Until recently, big data processing has been dominated by batch systems like MapReduce and Spark, which allow us to periodically process a large amount of data very efficiently. As a result, most of today’s machine learning workload is done in batches. For example, a model might generate predictions once a day and be updated with new training data once a month.
While batch-first machine learning still works for many companies, this paradigm often leads to suboptimal model performance and lost business opportunities. In the coming year, I hope that more companies will deploy models that can generate predictions in real time and update more frequently to adapt to changing environments.
Consider an ecommerce website where half the visitors are new users or existing users who aren’t logged in. Because these visitors are new, there are no recommendations personalized to them until the next batch of predictions is computed. By then, it’s likely that many of these visitors will have left without making a purchase because they didn’t find anything relevant to them.
In the last couple of years, technically progressive companies have moved toward real-time machine learning. The first level is online prediction. These companies use streaming technologies like Kafka and Kinesis to capture and process a visitor’s activities on their sites — often called behavioral data — in real-time. This enables them to extract online features and combine them with batch features to generate predictions tailored to a specific visitor based on their activities. Companies that have switched to online prediction, which include Coveo, eBay, Faire, Stripe, and Netflix, have seen more accurate predictions. This leads to higher conversion rates, retention rates, and eventually higher revenue. Online inference also enables sophisticated evaluation techniques like contextual bandits that can determine the best-performing model using much less data than traditional A/B testing.
The next level of real-time machine learning is continual learning. While machine learning practitioners understand that data distributions shift continually and models go stale in production, the vast majority of models used in production today can’t adapt to shifting data distributions. The more the distribution shifts, the worse the model’s performance. Frequent retraining can help combat this, but the holy grail is to automatically and continually update the model with new data whenever it shows signs of going stale.

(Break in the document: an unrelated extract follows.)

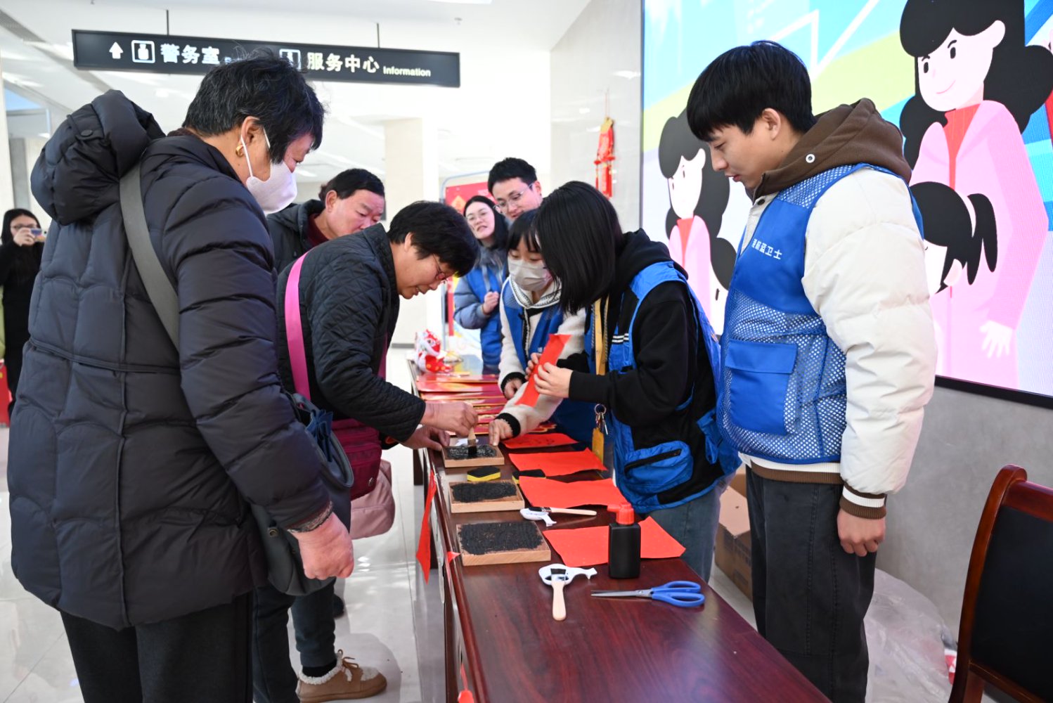候船大厅里, 青年志愿者邀请旅客参加非遗文化活动——木雕印福。不少旅客驻足停留,亲手制作了一张张福气满满的创意福字,并将满满的“福气”带回了家。一张张欢欣雀跃的笑脸被主播的镜头记录了下来,通过小小的屏幕,传递到了五湖四海,感受着同一份归家的喜悦。

Continual learning not only helps improve performance, but it can also reduce training costs. When you retrain your model once a month, you may need to train it from scratch on a lot of data. However, with continual learning, you may only need to fine-tune it with a much smaller amount of new data.
A handful of companies have used continual learning successfully including Alibaba, ByteDance, and Tencent. However, it requires heavy infrastructure investment and a mental shift. Therefore, it still meets with a lot of resistance, and I don’t expect many companies to embrace it for at least a few years.
In 2022, I expect a lot more companies to move toward online prediction, thanks to increasingly mature streaming technologies and a growing number of success stories. And the same underlying streaming infrastructure can be leveraged for real-time model analytics.
Chip Huyen works on a startup that helps companies move toward real-time machine learning. She teaches Machine Learning Systems Design at Stanford University.